Pattanaik has also performed leading roles in Odia Films and National Doordarshan Channel serials. Her Doordarshan serial on ‘Debadasi” is a classic masterpiece on Debadasi traditions.

She was a member of Regional Committee of the Central Board of Film Certification. She has also anchored eight episodes of primary education programmes, produced by the State Institute of Technology (SIT), Bhubaneswar under the Ministry of Human Resource Development, Government of India.

She has played a pioneering role in syllabus preparation for B.A & B.A. (Hons.) courses in Odissi Dance of Indira Kala Sangeet Vishwavidyalaya (IKSVV), Khairagarh, Chhattisgarh. She has also served as the Jury of the ‘Kalidas Samman’ and ‘Tulsi Samman’, prestigious arts awards, presented annually by the Government of Madhya Pradesh.

She has also received a number of awards and acclaims for her achievements in promoting the diversity of Indian culture expressions.

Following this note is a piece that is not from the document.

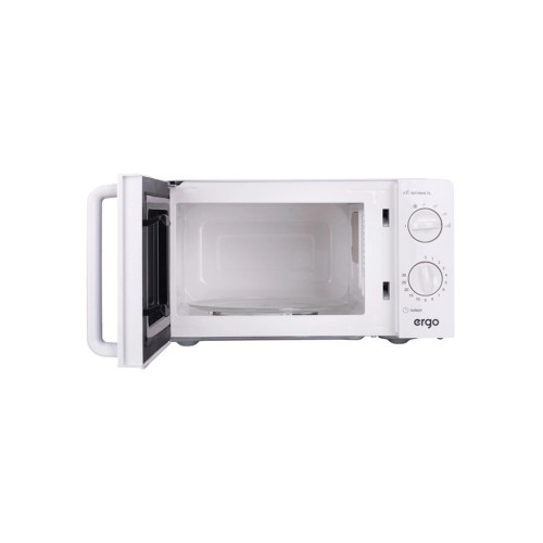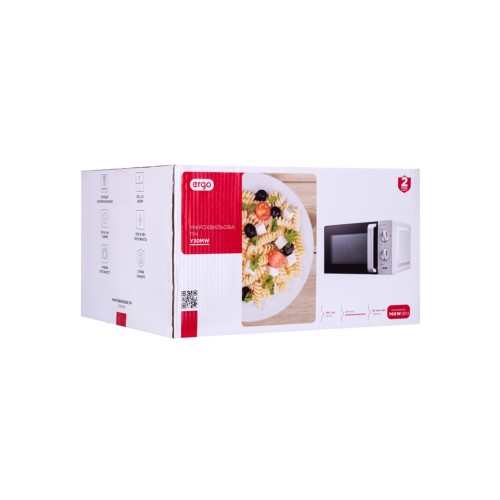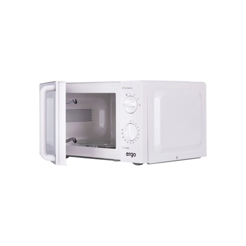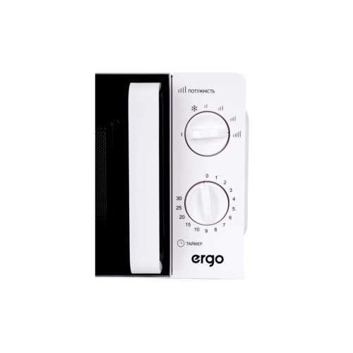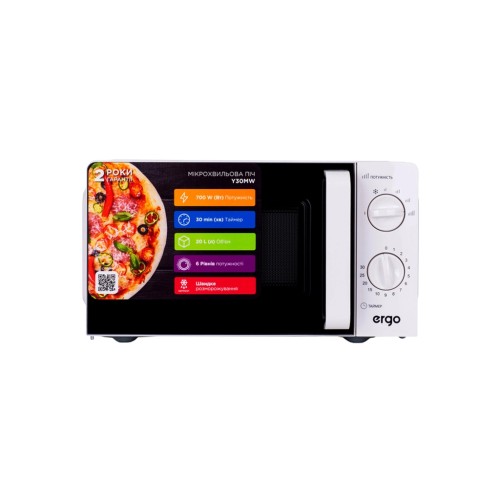 ERGO Y30MW — це мікрохвильова піч білого кольору з практичним дизайном. Стане у пригоді для швидкого приготування страв та розігрівання продуктів. Потужності в 700 Вт досить для точного контролю рівномірного розігрівання та розморожування в 6 режимах. Мікрохвильова піч досить містка, адже має об'єм 20 літрів. Механічне керування робить її простою у користуванні. Завдяки функції таймера, після закінчення встановленого часу, пристрій автоматично зупинить свою роботу та сповістить Вас про готовність страви. Максимальний час таймера становить 30 хвилин. Поворотний стіл забезпечує рівномірне розігрівання їжі з усіх сторін. Всередині піч покрита емаллю, тому Ви зможете легко очистити її від забруднень. Мікрохвильова піч ERGO Y30MW стане незамінним помічником на Вашій кухні.

==Achievements and contributions==
Pattanaik is still with SANKALP, an NGO described as "very good" and "of particular interest" by the Government of India Committee, headed by J. S. Verma, former Chief Justice of India. As the programme director for culture, Pattanaik promotes cultural and natural heritage.

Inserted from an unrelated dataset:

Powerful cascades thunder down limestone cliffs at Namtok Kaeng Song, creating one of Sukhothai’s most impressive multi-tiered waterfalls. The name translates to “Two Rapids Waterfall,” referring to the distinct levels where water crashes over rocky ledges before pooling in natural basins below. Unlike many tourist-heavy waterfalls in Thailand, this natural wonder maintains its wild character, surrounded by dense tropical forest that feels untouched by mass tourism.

She has created nine pallavis:
- Charukeshi
- Pattadeep
- Gati Sammikrutta
- Hansadhwoni
- Narayani
- Janasammohini
- Asavari
- Bageshri
- Sankaravaran-1-for the beginners
- Sankaravaran-2
- Koushik Dhwoni
- Yog

Dance dramas include:
- The Deer Krishnasara (Krushnasara Mruga)
- Yama Savitri Sambad
- Rasa Trayee
- Kanchi Abhiyan
- Chitrangada
- Sthitaprajna
- Sabari Upakhyanam

==ICCR Empanelled Artist==
Kasturi Pattanaik is empanelled in the Indian Council for Cultural Relations (ICCR).

==Honours==
- Rajendra Prasad Puraskar from "Rajendra Prasad Smruti Sansad" at Cuttack, Orissa, 1997
- "Abhinandanika – 1999" for excellent Abhinay in Odissi dance from Vishnupriya Smruti Sammana at Puri, Orissa
- Scholarships from the state in 1987 and the Ministry of Human Resource Development in 2000
- "Debadasi Samman" from Udayan Sanskritik Anusthan, 2003
- Juries of the Central Board of Film Certification for 2002
- Honoured from Kuchipudi Natyakala Mandali in Kuchipudi District, Andhra Pradesh in 1999
- Mahari Award-2015, instituted by Adi Guru Pankaj Charan Das

==Festivals==
- India Festival, USSR, 1987
- Spring Festival, North Korea, 1990 (ICCR)
- Kalinga Bali Yatra (Indonesia, Jakarta, Bali, Singapore, Thailand)
- Solo Performances (Hong Kong, China, Japan), 1994
- Khajuraho Festival, 1992 and 2007
- Ekamra Utsav, 2007
- Ellora Festival, 1991
- Nisagandhi Festival, 1989
- Surya Festival, 1990, 1992, 2010
- Sidhendra Yogi Dance Festival, Kuchipudi, 1998, 1999, 2000
- Udaya Shankar Dance Festivals, 2000
- Konark Dance Festival, 1989 to 2004
- Konarka Nata Mandap Festival, 1988
- Central SNA Youth Festivals
- Yuva Nrita Utsav, 1992, 1996, 2003
- Odissi International, Bhubaneswar, 2010
- Utkal Divas-Rourkela, 2010, 2014
- SANKALP Festival Series, Mysore 2010 and Benguluru 2010
- Commonwealth Game, New Delhi, 2010
- Oriya Cinema 75 Years Celebration Day, Bhubaneswar, 2011
- Utkal Devas, Dehradun, 2011
- Inaugural Function of 150th Birth Anniversary of Guru Rabindranath Tagore, Bhopal, 2011
- Betwa Mahotsav, Vidisha, 2011
- Satna Mahotsav, Satna, 2012
- SANKALP’s National Festival on New Creations in Odissi Dance, 2012
- Konark Festival, 2012
- Khajuraho Festival, 2014

==Research==
Kasturi Pattanaik was the Program Coordinator of the Planning Commission, Government of India research project titled “Promotion of Diversity of India’s Cultural Expressions- An Impact Assessment Study of Central Sangeet Natak Academy (SNA)’. It is a significant study on one of the premier autonomous cultural bodies of the Ministry of Culture, Government of India.